| AIM OF THE EXERCISE |
Among the entries below, only the lines from the one with "塩味とマイルドチョコレートの" through the one with "론다의 투우 경기장(Plaza" are to be retyped, exactly and without pictures.

| DATA PROVIDED |
·····
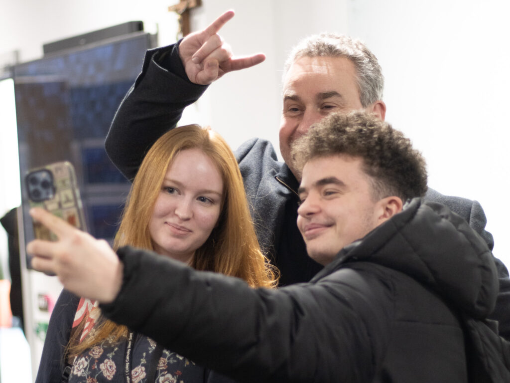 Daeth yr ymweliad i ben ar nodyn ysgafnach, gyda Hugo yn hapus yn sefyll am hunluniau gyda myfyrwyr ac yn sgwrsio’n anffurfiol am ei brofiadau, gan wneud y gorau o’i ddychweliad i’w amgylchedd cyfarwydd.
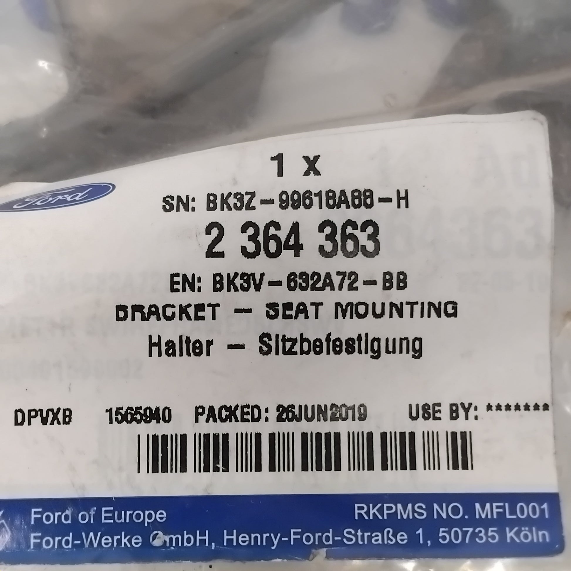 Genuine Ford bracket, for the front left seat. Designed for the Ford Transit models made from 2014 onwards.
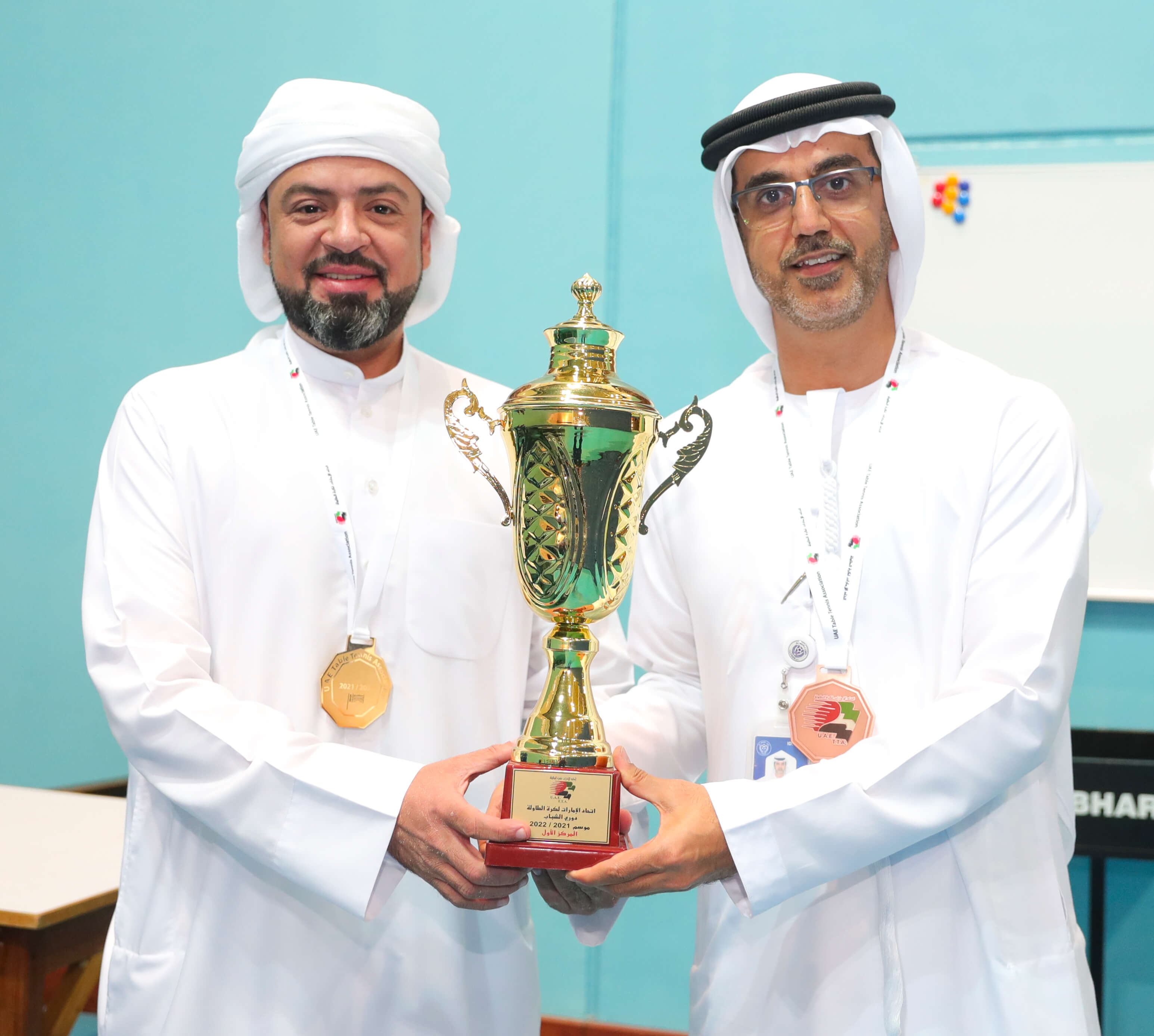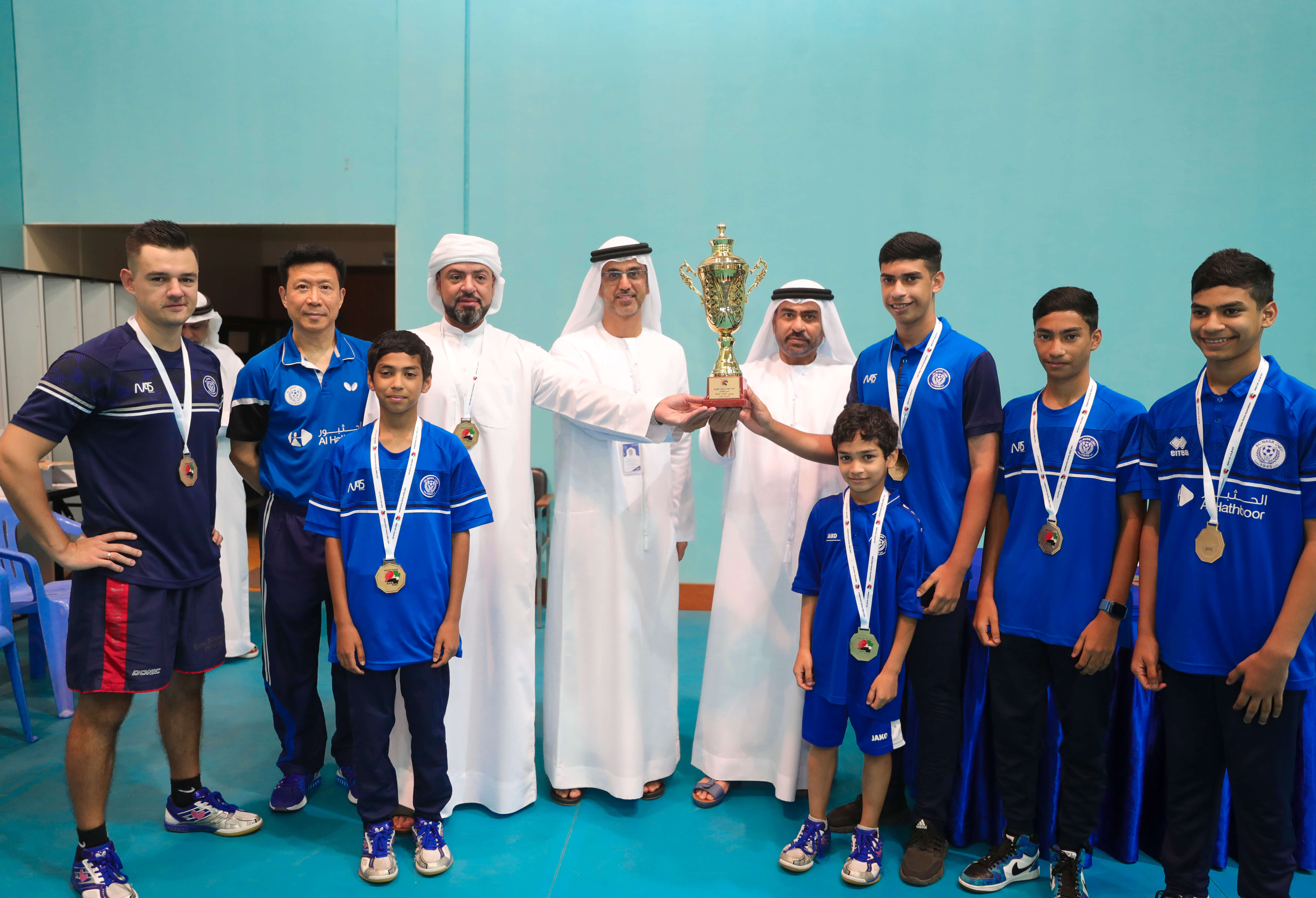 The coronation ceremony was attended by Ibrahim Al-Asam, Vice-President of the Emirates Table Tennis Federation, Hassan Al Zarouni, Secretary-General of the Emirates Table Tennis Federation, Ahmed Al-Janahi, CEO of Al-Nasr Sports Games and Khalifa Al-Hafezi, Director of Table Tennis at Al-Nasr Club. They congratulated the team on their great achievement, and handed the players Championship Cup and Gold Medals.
·····
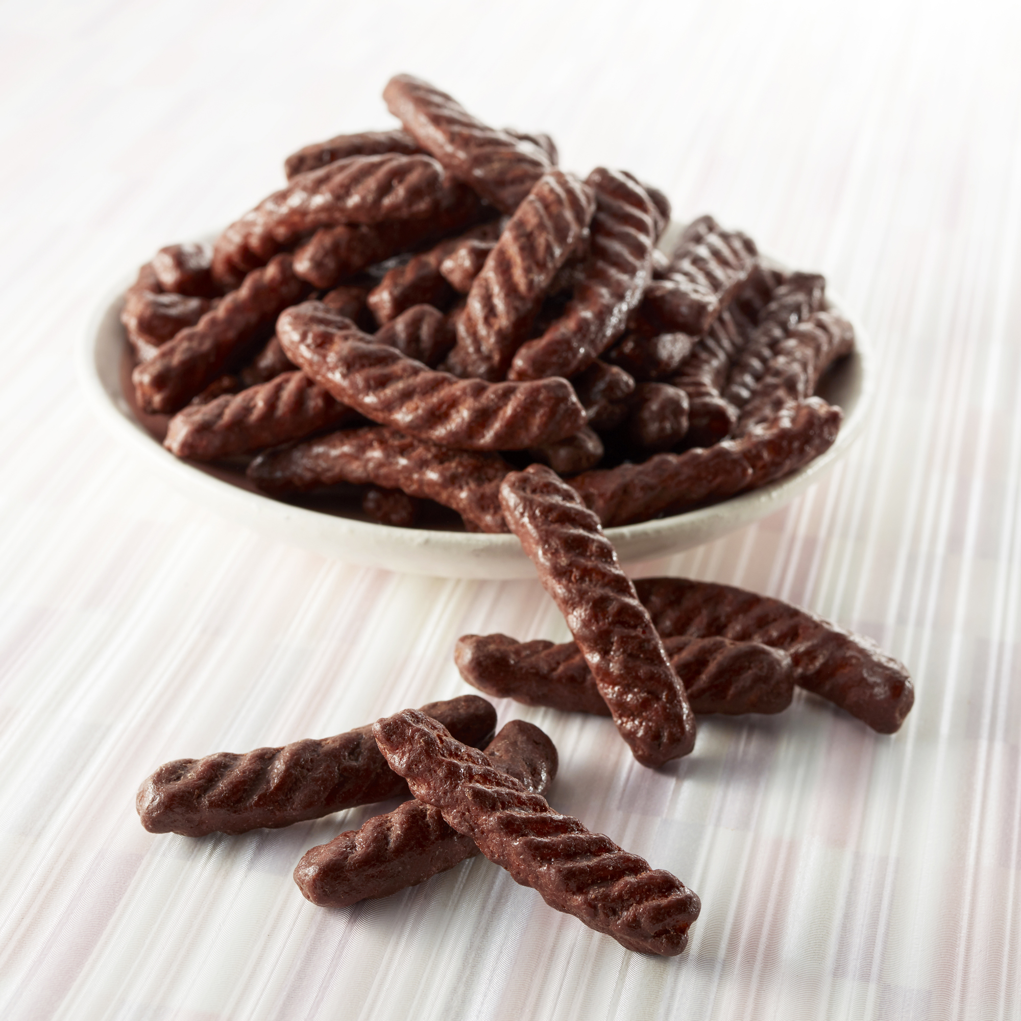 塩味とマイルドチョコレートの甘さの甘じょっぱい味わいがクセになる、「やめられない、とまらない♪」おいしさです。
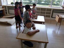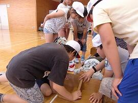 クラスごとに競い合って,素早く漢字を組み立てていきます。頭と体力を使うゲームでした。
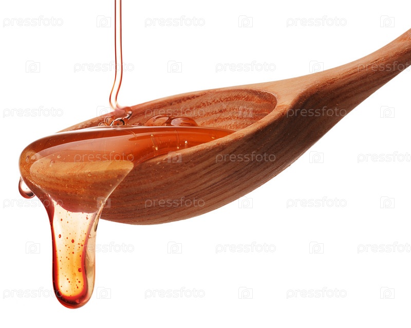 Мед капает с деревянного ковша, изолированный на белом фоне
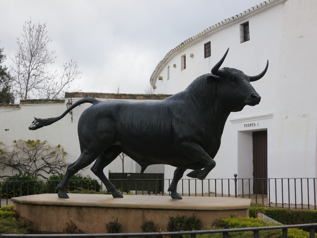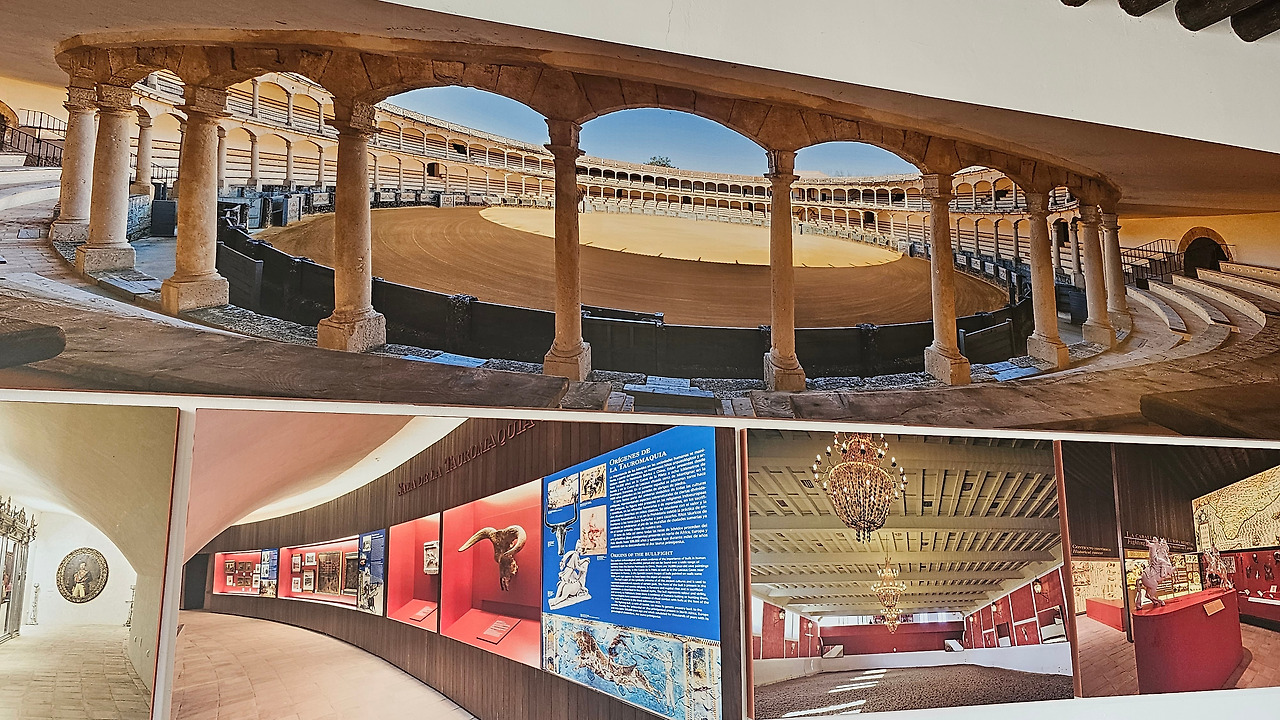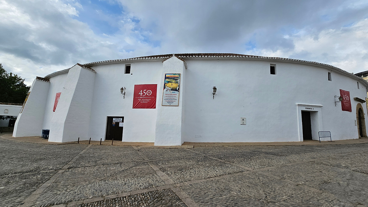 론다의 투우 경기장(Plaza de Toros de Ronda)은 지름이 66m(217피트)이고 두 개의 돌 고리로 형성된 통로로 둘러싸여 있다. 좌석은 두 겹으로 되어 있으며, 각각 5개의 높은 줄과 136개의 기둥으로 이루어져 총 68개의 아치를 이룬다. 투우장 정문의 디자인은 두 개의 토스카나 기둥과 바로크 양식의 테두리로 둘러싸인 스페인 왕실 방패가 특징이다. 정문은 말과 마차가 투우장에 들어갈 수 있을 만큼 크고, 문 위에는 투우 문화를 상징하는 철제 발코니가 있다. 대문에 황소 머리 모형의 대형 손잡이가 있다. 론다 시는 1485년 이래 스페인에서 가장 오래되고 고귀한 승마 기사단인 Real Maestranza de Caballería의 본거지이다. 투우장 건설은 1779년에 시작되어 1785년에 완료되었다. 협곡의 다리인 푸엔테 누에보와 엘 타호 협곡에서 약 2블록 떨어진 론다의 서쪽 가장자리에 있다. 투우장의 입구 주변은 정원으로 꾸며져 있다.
·····
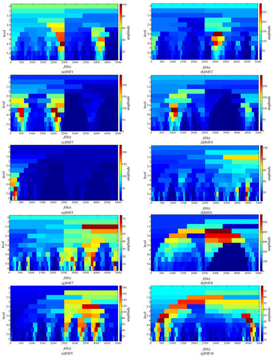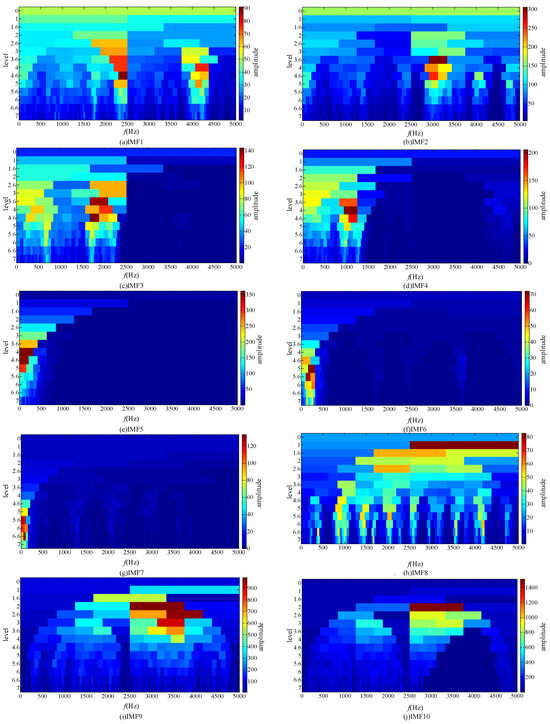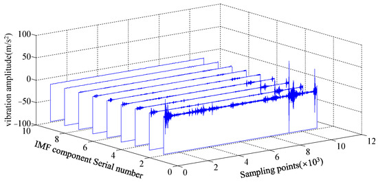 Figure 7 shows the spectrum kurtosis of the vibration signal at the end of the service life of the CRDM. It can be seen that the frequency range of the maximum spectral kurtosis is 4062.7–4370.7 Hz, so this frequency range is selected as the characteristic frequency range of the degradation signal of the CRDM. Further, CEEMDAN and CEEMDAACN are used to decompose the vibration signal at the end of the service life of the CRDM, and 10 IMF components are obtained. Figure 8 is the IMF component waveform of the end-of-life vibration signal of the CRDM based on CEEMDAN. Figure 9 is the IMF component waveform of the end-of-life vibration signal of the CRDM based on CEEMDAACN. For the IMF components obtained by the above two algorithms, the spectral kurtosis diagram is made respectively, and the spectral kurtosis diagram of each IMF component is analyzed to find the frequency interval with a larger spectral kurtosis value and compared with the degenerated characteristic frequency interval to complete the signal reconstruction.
·····
| PROBLEM SOLUTION |
 塩味とマイルドチョコレートの甘さの甘じょっぱい味わいがクセになる、「やめられない、とまらない♪」おいしさです。
 クラスごとに競い合って,素早く漢字を組み立てていきます。頭と体力を使うゲームでした。
 Мед капает с деревянного ковша, изолированный на белом фоне
 론다의 투우 경기장(Plaza de Toros de Ronda)은 지름이 66m(217피트)이고 두 개의 돌 고리로 형성된 통로로 둘러싸여 있다. 좌석은 두 겹으로 되어 있으며, 각각 5개의 높은 줄과 136개의 기둥으로 이루어져 총 68개의 아치를 이룬다. 투우장 정문의 디자인은 두 개의 토스카나 기둥과 바로크 양식의 테두리로 둘러싸인 스페인 왕실 방패가 특징이다. 정문은 말과 마차가 투우장에 들어갈 수 있을 만큼 크고, 문 위에는 투우 문화를 상징하는 철제 발코니가 있다. 대문에 황소 머리 모형의 대형 손잡이가 있다. 론다 시는 1485년 이래 스페인에서 가장 오래되고 고귀한 승마 기사단인 Real Maestranza de Caballería의 본거지이다. 투우장 건설은 1779년에 시작되어 1785년에 완료되었다. 협곡의 다리인 푸엔테 누에보와 엘 타호 협곡에서 약 2블록 떨어진 론다의 서쪽 가장자리에 있다. 투우장의 입구 주변은 정원으로 꾸며져 있다.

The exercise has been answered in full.